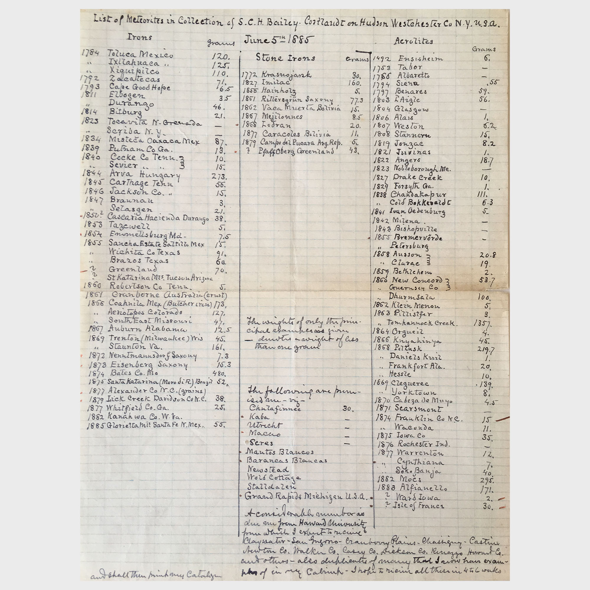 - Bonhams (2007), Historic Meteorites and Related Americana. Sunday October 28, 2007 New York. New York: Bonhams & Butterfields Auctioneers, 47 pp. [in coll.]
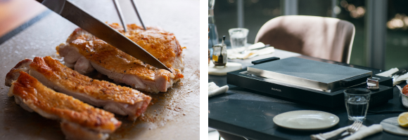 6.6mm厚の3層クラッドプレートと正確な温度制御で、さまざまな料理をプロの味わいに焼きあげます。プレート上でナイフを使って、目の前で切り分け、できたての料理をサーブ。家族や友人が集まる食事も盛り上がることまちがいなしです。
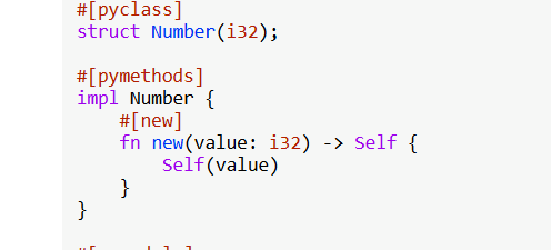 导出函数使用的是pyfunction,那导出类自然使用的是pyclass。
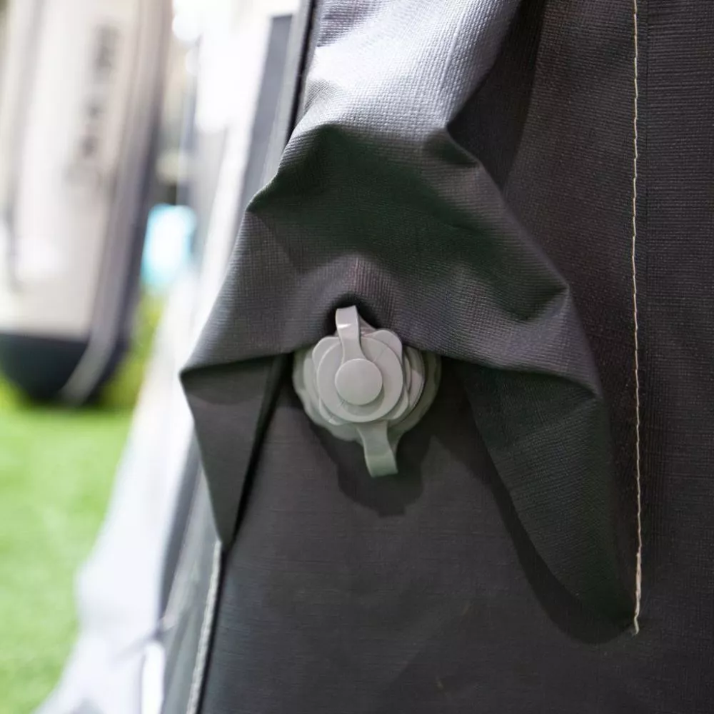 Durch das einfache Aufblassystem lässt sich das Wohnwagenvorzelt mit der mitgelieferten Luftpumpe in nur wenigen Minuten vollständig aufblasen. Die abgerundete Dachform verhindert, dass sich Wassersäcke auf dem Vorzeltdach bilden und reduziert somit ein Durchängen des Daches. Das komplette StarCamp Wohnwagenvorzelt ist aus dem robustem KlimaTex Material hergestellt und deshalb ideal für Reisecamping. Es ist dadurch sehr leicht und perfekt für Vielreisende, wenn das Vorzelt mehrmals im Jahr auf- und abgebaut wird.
────────
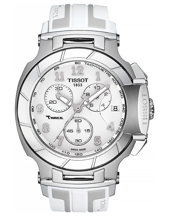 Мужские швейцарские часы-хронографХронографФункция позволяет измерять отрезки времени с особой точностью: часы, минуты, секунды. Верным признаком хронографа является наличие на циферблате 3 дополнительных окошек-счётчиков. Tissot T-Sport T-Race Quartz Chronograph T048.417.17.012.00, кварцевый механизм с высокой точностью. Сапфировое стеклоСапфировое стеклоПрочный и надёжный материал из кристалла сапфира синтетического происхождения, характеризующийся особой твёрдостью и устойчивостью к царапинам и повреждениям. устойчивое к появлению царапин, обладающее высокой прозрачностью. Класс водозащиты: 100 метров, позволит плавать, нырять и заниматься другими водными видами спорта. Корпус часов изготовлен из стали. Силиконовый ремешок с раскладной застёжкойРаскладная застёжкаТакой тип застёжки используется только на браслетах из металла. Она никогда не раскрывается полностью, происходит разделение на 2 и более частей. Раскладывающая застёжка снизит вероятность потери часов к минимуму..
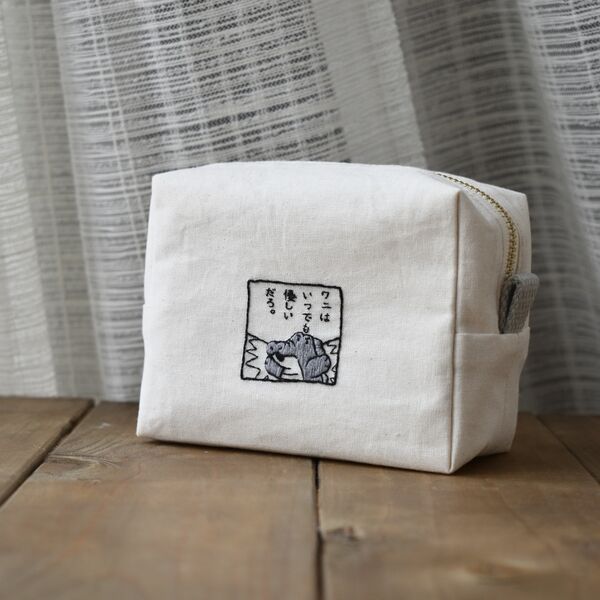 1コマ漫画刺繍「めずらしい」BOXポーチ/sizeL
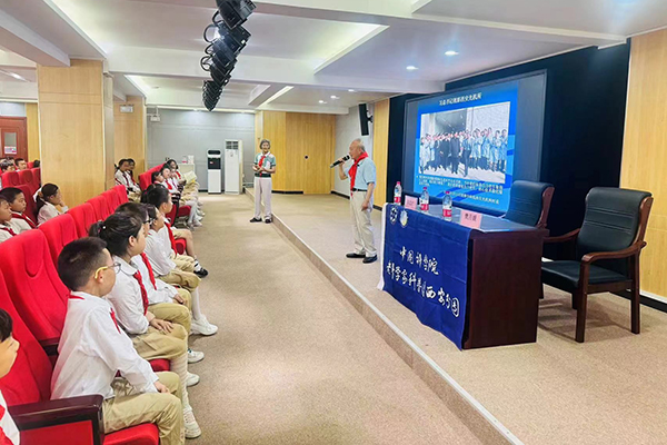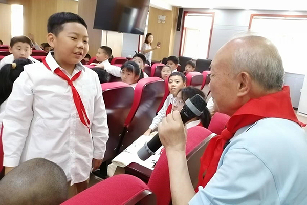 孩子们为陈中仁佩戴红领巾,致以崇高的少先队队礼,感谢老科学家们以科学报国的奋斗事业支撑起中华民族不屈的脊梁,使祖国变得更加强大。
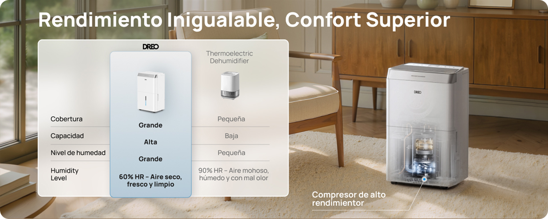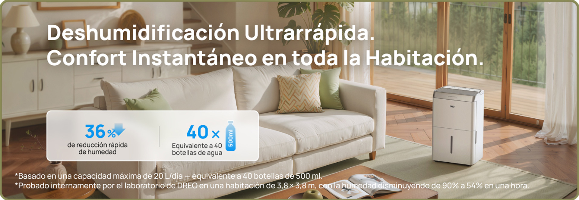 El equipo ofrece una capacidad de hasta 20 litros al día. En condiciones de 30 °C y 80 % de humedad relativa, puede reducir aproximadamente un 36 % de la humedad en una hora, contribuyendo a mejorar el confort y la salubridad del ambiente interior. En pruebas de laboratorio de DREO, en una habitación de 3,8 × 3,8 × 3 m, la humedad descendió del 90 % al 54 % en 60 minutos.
────────
Work task: Keep to the lines above from the line with "- Bonhams (2007), Historic" to the line with "Durch das einfache", and set down exactly those, inclusive, with nothing else and every picture left out.

Response box:
 - Bonhams (2007), Historic Meteorites and Related Americana. Sunday October 28, 2007 New York. New York: Bonhams & Butterfields Auctioneers, 47 pp. [in coll.]
 6.6mm厚の3層クラッドプレートと正確な温度制御で、さまざまな料理をプロの味わいに焼きあげます。プレート上でナイフを使って、目の前で切り分け、できたての料理をサーブ。家族や友人が集まる食事も盛り上がることまちがいなしです。
 导出函数使用的是pyfunction,那导出类自然使用的是pyclass。
 Durch das einfache Aufblassystem lässt sich das Wohnwagenvorzelt mit der mitgelieferten Luftpumpe in nur wenigen Minuten vollständig aufblasen. Die abgerundete Dachform verhindert, dass sich Wassersäcke auf dem Vorzeltdach bilden und reduziert somit ein Durchängen des Daches. Das komplette StarCamp Wohnwagenvorzelt ist aus dem robustem KlimaTex Material hergestellt und deshalb ideal für Reisecamping. Es ist dadurch sehr leicht und perfekt für Vielreisende, wenn das Vorzelt mehrmals im Jahr auf- und abgebaut wird.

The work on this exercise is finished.